Half precision, mixed precision, CUDA virtual devices

13 Sep 22:39

Choose a tag to compare

The release 0.4.1 offers: half precision, mixed precision, proper support for cuda virtual devices, and many bug fixes.

Non-beta release blocked by getting cudajit 0.4.1 in the opam-repository.

From the CHANGELOG:

Added

  • Implemented the previously-mocked support for half precision (FP16).
    • We work around the missing Ctypes coverage by not using Ctypes.bigarray_start.
    • We check FP16 constants for overflow.
    • We output half precision specific code from the CUDA backend.
  • Finally proper support for mixed precision!

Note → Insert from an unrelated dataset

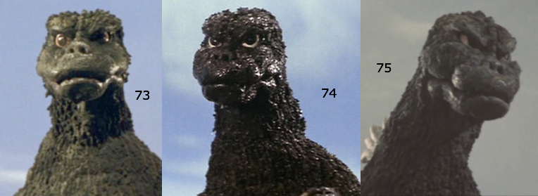 Directed toward the original question, it was relatively rare for a suit in the earlier part of the Showa series to receive primary use in multiple films, so usually every major design shift signified a new suit. MosuGoji was used for both Mothra vs. Godzilla and Ghidorah, the Three-Headed Monster, but its head was replaced between films. The DaisensoGoji suit was used in Invasion of Astro-Monster and Ebirah, Horror of the Deep, but since its head was on loan to Tsuburaya Productions for use as the monster Jirass in Ultraman, Toho had to construct an imperfect replica of its head to film many scenes in its second film appearance. The original DaisensoGoji head is still used in Ebirah, but the lower-quality replica head gets a fair deal of screentime too. I think the replica head is still on the DaisensoGoji for its use as the "stunt suit" in Son of Godzilla and Godzilla vs. Hedorah. SoshingekiGoji was used for four films with minimal alteration, but it's always stuck out to me how its eyes seem to face sideways in Godzilla vs. Hedorah specifically. The MegaroGoji suit, depicted in the diagram Gman posted, had its head changed between films, and is otherwise the same suit. It was also the suit used in Zone Fighter, and looks mostly identical to how it did in Godzilla vs. Megalon.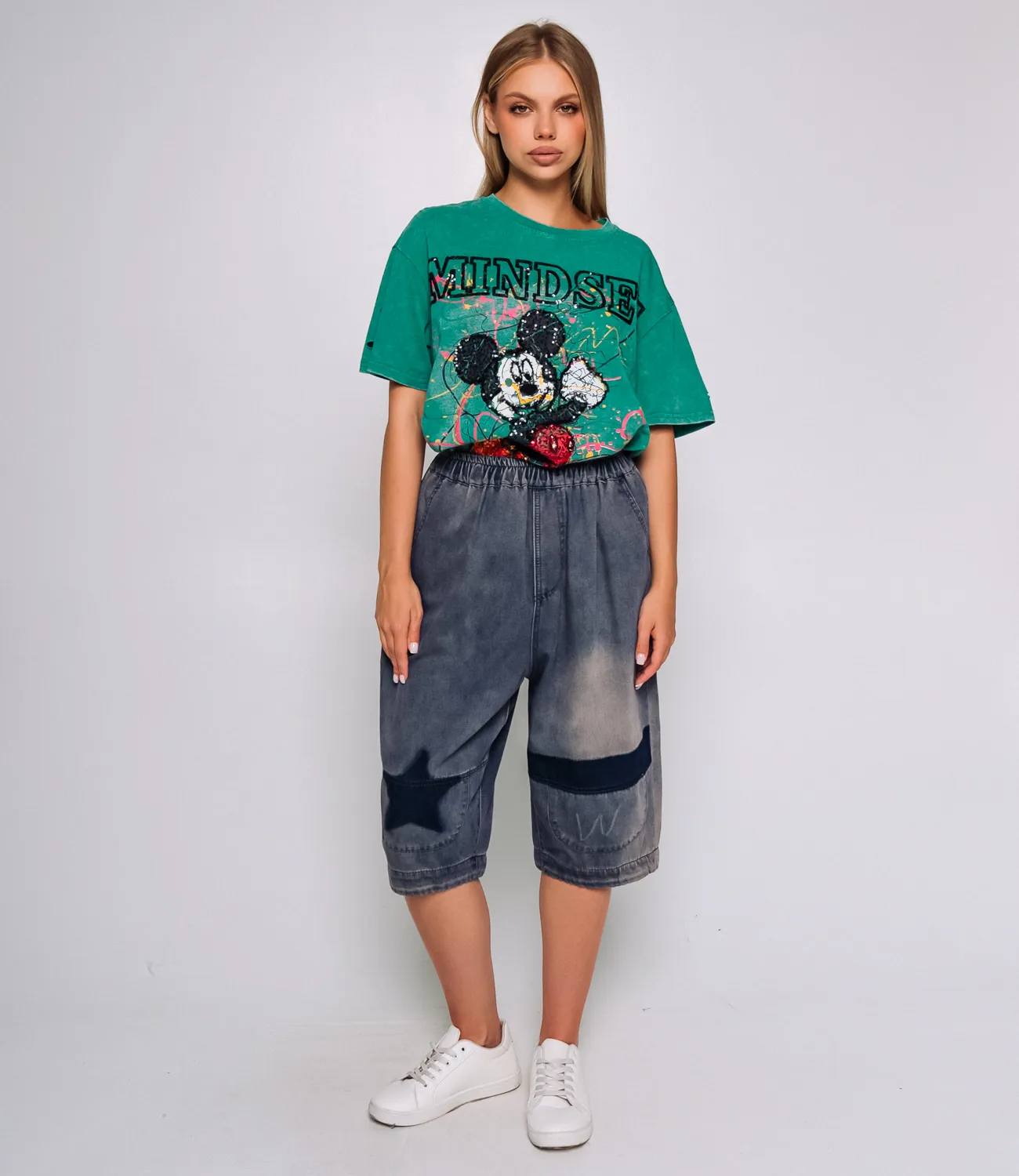 Шорты — это незаменимая часть гардероба современной женщины, способная добавить в любой образ нотки стиля и комфорта. Эти шорты выполнены из высококачественного материала, состоящего из 68,5% хлопка, 27,3% полиэстера и 4,2% вискозы, что обеспечивает отличную воздухопроницаемость и удобство в носке, а также хорошую износостойкость. Модель имеет свободный фасон с высокой эластичной талией, что обеспечивает идеальную посадку и комфорт на протяжении всего дня. Это позволяет вашим покупательницам ощущать себя уверенно и стильно в любой ситуации. Дизайн шорт украшен контрастными вставками и оригинальными декоративными элементами — звёздой и буквой "W" на передних карманах — что придает изделию уникальность и выразительность. Низ изделия слегка присборен и выполнен с двойной строчкой, что не только добавляет завершающий штрих к общему стилю, но и придаёт шортам современный, модный вид. Эти шорты прекрасно вписываются в повседневные образы и идеально подходят для теплых дней. Обратите внимание на разнообразие цветовых решений, которые полностью соответствуют фотографиям на нашем сайте. Мы также подготовили таблицу размеров, чтобы каждая покупательница могла легко подобрать свой идеальный вариант. Предложенная вами цена является доступной для оптовых покупателей, что даёт отличную возможность для увеличения ассортимента вашего магазина. Добавьте эти стильные шорты в свои коллекции и обеспечьте вашим клиенткам возможность выглядеть стильно и комфортно в любой ситуации! Подарите им шанс выделяться из толпы в летний период! Рост модели 168 см., 89-63-90.

Lazy precision defaults and delayed precision setting via Tnode.update_prec.
  • A placeholder nn_blocks.ml hinting at an intended design pattern for model components.
  • A memory model for the multiple virtual devices per physical device setup, implemented in the CUDA backend.
    • It fixes the CUDA backend behavior in the data parallelism benchmark.

Changed

  • Removed the pipes_cc, pipes_gccjit backends (Pipes_multicore_backend) -- I had fixed Pipes_multicore_backend by using the poll library instead of Unix.select, but it turns out to be very very slow.

Fixed

  • Log levels related de-confusion:
    • Critical bug: logging of computation traces was not properly converted to ppx_minidebug 2.0.
    • Properly restore log_level and inform about its setting.
    • By default do not log from tests.
    • debug_log_from_routines should only happen when log_level > 1.
  • Bugs in Multicore_backend: await was not checking queue emptiness, worker's Condition.broadcast was non-atomically guarded (doesn't need to be), possible deadloop due to the lockfree queue -- now replaced with saturn_lockfree.
  • Reduced busy-waiting inside c_compile_and_load, propagating compilation errors now instead of infinite loop on error.
  • Fixed loss of significant digits for small numbers when outputting files.
  • Added missing mixed-precision conversions in the C_syntax backend builder.
  • Restored the functionality of debug logging from the cuda backend.